WINE company Orlando has been accused of fattening its margins at the expense of winegrape growers.

Massively reduced indicative prices across many varieties drew the ire of Murray Valley Winegrape Growers chief executive Mike Stone, who said the prices indicated were unsustainable.

"The drop of 30 per cent in chardonnay, while expected, seems to have flowed through to other white varieties which was most unexpected and unwarranted . . . those varieties are experiencing strong demand," Mr Stone said.

"It doesn't follow."

Asked if the drop in prices offered by Orlando was aimed at fattening the margins of the wine company, Mr Stone said: "That would seem to be a fair assumption".

The price indicated for chardonnay has dropped from $521 to $300 a tonne, while cabernet sauvignon and shiraz prices were down from about $640 a tonne this year to an indicated $500 next year.

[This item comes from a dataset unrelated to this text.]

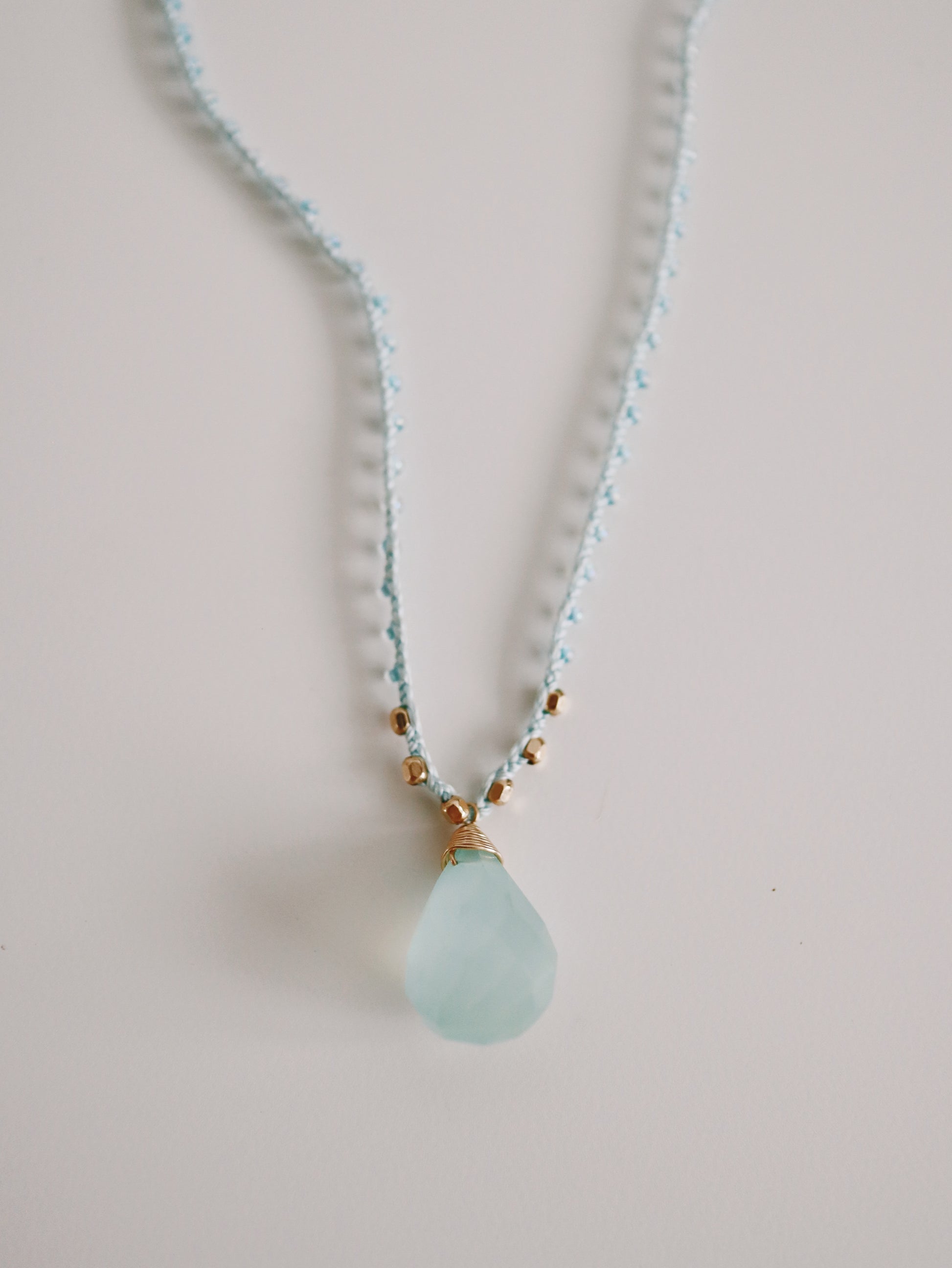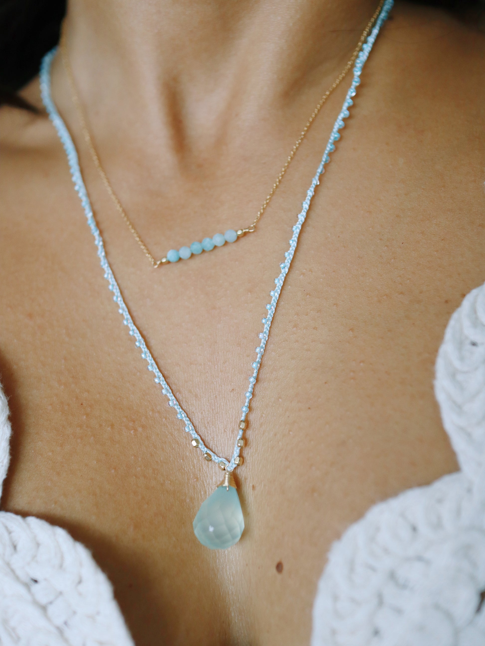 Elevate your elegance with the Clara Necklace, featuring a 14k gold-filled wire-wrapped aquamarine center gemstone and gold filled beads. Its delicate, feminine design makes it an exquisite choice for layering, adding a subtle sophistication to any outfit. This necklace is also waterproof, ensuring lasting beauty and durability for everyday wear.

Merlot was down from $598 a tonne in 2008 to an indicative price of $450.

Semignon was worth $472 a tonne in 2008 but next year Orlando expect it to fetch $400, sauvignon blanc dropped from $672 a tonne to an expected $550, and pinot grigio also took a big hit, down from $704 a tonne to an expected $550.

The drop in red wine prices was also "hard to justify" according to Mr Stone.

"We would urge growers to contact the company and let them know (they disagree with the prices indicated)," Mr Stone said.

"There's no reason to take that if they think the prices are too low."